The SSi Avtara, another innovation under conceptual development, aims to leverage the advanced mobility, dexterity, and perception capabilities of humanoid systems for high-impact surgical robotic applications spanning healthcare, defense, logistics, disaster response, and industrial settings. Integrated with artificial intelligence, teleoperation frameworks, and real-time sensing, the SSi Avtara will be designed for trainability, continuous learning, adaptability, and precision in the field. From assisting clinical workflows to operating in hazardous or otherwise inaccessible environments, the Company anticipates that the platform’s human-compatible design will enable seamless interaction with existing infrastructure and tools.


SSi Operion Mobile Operating Room

The SSi Operion, also currently under development, is a fully mobile, platform-agnostic operating room ecosystem designed for seamless deployment across hospitals, remote locations, combat areas, and disaster zones. The SSi Operion is designed to be built on a wheeled chassis with overhead-integrated robotics and a zero-footprint architecture, which seeks to eliminate conventional spatial constraints by suspending all surgical components from an integrated overhead system, enabling 360-degree clinician access, real-time reconfiguration, and seamless deployment. With integrated telesurgery capabilities and low-latency connectivity, the SSi Operion is expected to enable expert surgeons to operate remotely, expanding access to advanced surgical care across geographies. From defense operations to humanitarian missions and rural healthcare delivery, SS Innovations believes that SSi Operion holds potential to transform the operating room into a deployable, mission-ready asset.

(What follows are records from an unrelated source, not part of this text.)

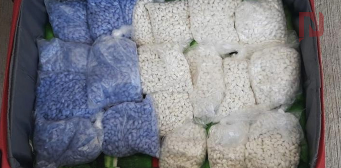 Tras abrir las maletas encontraron pastillas blancas y moradas, así como diez paquetes con marihuana además de las aras y papel moneda.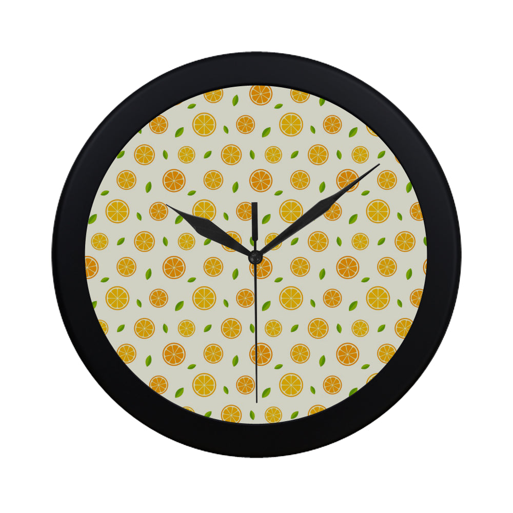 oranges leaves pattern Elegant Black Wall Clock is a uniqued design and limited item. It made to order, hand printed, and sewn with love in our factory.
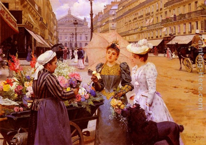 Louis Marie de Schryver A Flower Seller Near The Arc De Triomphe

SS Innovations’ single-arm robotic assist cart

The Company’s new single-arm robotic endoscopy and ultrasound assist carts, currently proceeding through early clinical validation phases in India, are designed to provide stable, precise, and repeatable positioning of endoscopic and ultrasound instruments within clinical environments, bringing robotic consistency to workflows. Operating under direct clinician supervision, the robotic arms incorporate controlled speed, force limits, and predictable motion behavior, ensuring safe interaction with both patients and operators. Compatibility with standard hospital infrastructure and existing clinical workflows allows for seamless integration into established clinical settings.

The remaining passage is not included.